Segment Start: DATA EXCERPT
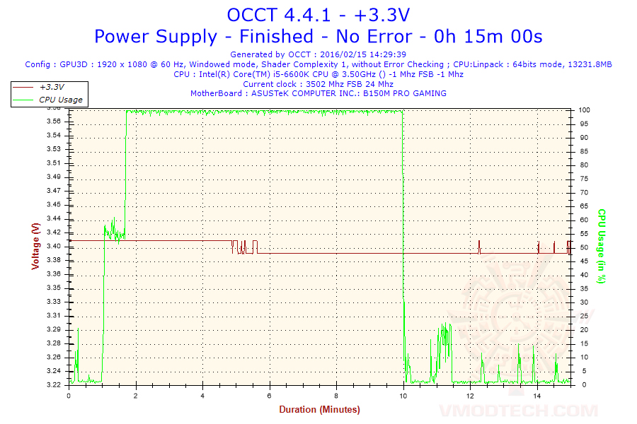 ไฟ +3.3V ไม่มีโหลดอยู่ที่ประมาณ 3.3.41V ระหว่างมีโหลดตกลงมานิดหน่อยครับที่ 3.39V เท่าน้นเองถือว่าน้อยมากๆเลยครับ ส่วนความนิ่งนี่สุดยอดครับ นิ่งดีมากๆจะมีขึ้นลงแค่ช่วงสั่นๆเท่านั้นเอง
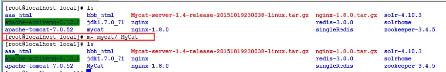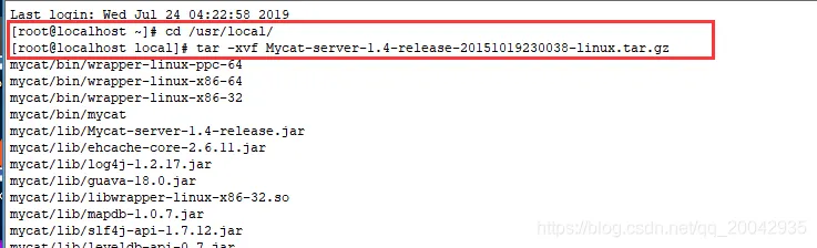 [root@localhost ~]# cd /usr/local/ [root@localhost local]# tar -xvf Mycat-server-1.4-release-20151019230038-linux.tar.gz
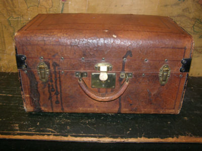Title (ebay affiliate link): Antique Leather Wood & Metal Chest Trunk Fraternal Crown & Cross Priest 1800's
Segment End: DATA EXCERPT
WHAT THE EXERCISE ASKS:
What you return should match the material line for line, with the images removed.

SOLUTION TO THIS PROBLEM:
 ไฟ +3.3V ไม่มีโหลดอยู่ที่ประมาณ 3.3.41V ระหว่างมีโหลดตกลงมานิดหน่อยครับที่ 3.39V เท่าน้นเองถือว่าน้อยมากๆเลยครับ ส่วนความนิ่งนี่สุดยอดครับ นิ่งดีมากๆจะมีขึ้นลงแค่ช่วงสั่นๆเท่านั้นเอง
 [root@localhost ~]# cd /usr/local/ [root@localhost local]# tar -xvf Mycat-server-1.4-release-20151019230038-linux.tar.gz
Title (ebay affiliate link): Antique Leather Wood & Metal Chest Trunk Fraternal Crown & Cross Priest 1800's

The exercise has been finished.